If you’re a genuinely good student with professors who know you, this should be no problem. Your professors want to see you succeed. Something wild to consider now: you might even be asked to write your own letter of recommendation to help the professor save time! They’ll edit it and make adjustments before it’s sent. This could be helpful if there are specific things you hope they include.

6) Law School Interview (this is not offered at every school)

While undergraduate interviews at top-tier schools are the norm, law school interviews aren’t common. In fact, many schools have no option to interview at all. When applicants are invited to attend an interview, they have the chance to show the school they have the right temperament to be an attorney.

Interviews may be used to weed out applicants who are pursuing law school for the wrong reasons. By asking questions about their interest in law, the interviewer can learn about the interviewee’s motivations for pursuing a degree in law. The interview committee wants to identify character traits that would be beneficial for a career in law, such as confidence, maturity, honesty, good understanding of the world around them, leadership, etc.

If you apply to law school and are invited to participate in an interview, use this opportunity to showcase your personality and character. If you’re generally good with people, an interview could be to your advantage!

7) (Optional) Diversity Statement

While not exactly a requirement because it’s optional and all, the diversity statement is potentially another piece of the law school admissions puzzle. Some schools offer this optional essay.

Not everyone should submit a diversity statement, but it can be a great tool for sharing how your unique perspective will contribute to the incoming law school class.

Unlike a law school personal statement, the diversity statement is short. It holds the focus of providing detail about your background. You can share about experiences from childhood that shaped you into the person you are today.

If you choose to submit a diversity statement, remember to write it in a way that shows what you bring to the table.  

Pro tip: be careful that you write from the perspective as someone who has something unique to offer and not as someone who is only looking for sympathy. You want to present yourself as a student who can handle the rigor of law school. This requires maturity.

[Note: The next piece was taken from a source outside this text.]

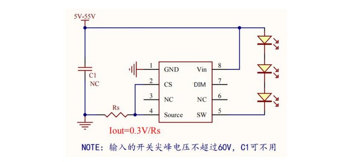 内置过温保护 | 内置 MOS 可做 1A | ||

For more details on the kind of information to include in your diversity statement, check out Law School Personal Statement VERSUS Diversity Statement…Nail Them Both. It will give you lots of helpful advice!

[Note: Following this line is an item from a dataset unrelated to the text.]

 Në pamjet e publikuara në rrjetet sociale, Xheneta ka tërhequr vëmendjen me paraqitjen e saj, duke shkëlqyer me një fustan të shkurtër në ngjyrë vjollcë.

8) (Sometimes Optional) Addendum

We’re now at our eighth and final law school admissions requirement… yay! You’ve made it this far in this ultimate guide, so I have to commend you. You take these law school admissions requirements seriously.

Now we’re going to cover the addendum. It’s sometimes optional like the title says, but here’s the scoop: I don’t want to downplay the importance of carefully considering the other parts of the application, but this one might need even more serious thought. Your law school addendum is available to help you explain a blemish on your application. It’s used to address a situation that could cause the admissions committee to have a negative view of you.

Addendums can be used to explain criminal or bad behavior, sudden changes in LSAT scores, or abnormally low grades. Like I said with the diversity statement, be careful that the way you describe situations doesn’t look like a plea for sympathy. The admissions committee can see right through that. Make sure your reasoning is genuine and not just an excuse for not applying yourself like you wish you had.

If you’re wondering about whether you should submit an addendum, you should probably check out my blog post called 5 Law School Addendum Myths That Will Surprise You. It will guide you through some dos and don’ts of the law school addendum.

What Law Schools Are Really Looking For:

When you apply to law school, you submit materials that share about your accomplishments. Those things are all good. They’re beneficial for the admissions committee to know, but at the end of the day what law schools are looking for are individuals with integrity who want to do a good job as attorneys. It’s not about how great you think you are or how much you have achieved. What matters is that you work hard (and have the numbers to back that up) and you genuinely care about what you pursue.

Law school admissions committees are looking for mature individuals who are real leaders. They have confidence and take pride in the work they do. They aren’t seeking after instant gratification, but are willing to do the hard things to achieve the results they seek.

Are you one of those people? Be sure your law school application materials reflect that!

Conclusion – You now have the facts about law school admissions requirements – what’s next?

If you read all the way to the conclusion, you’re pretty much a rock star in my book. You’re investing in your future as an attorney, and that is awesome. Now that you have the ultimate guide to law school admissions requirements, it’s time to get to work. Are you still thinking law school is next for you? I’d love to help walk you through the process with more tools and resources from Law School Solutions. Be sure to follow us on Instagram for regular law school application tips!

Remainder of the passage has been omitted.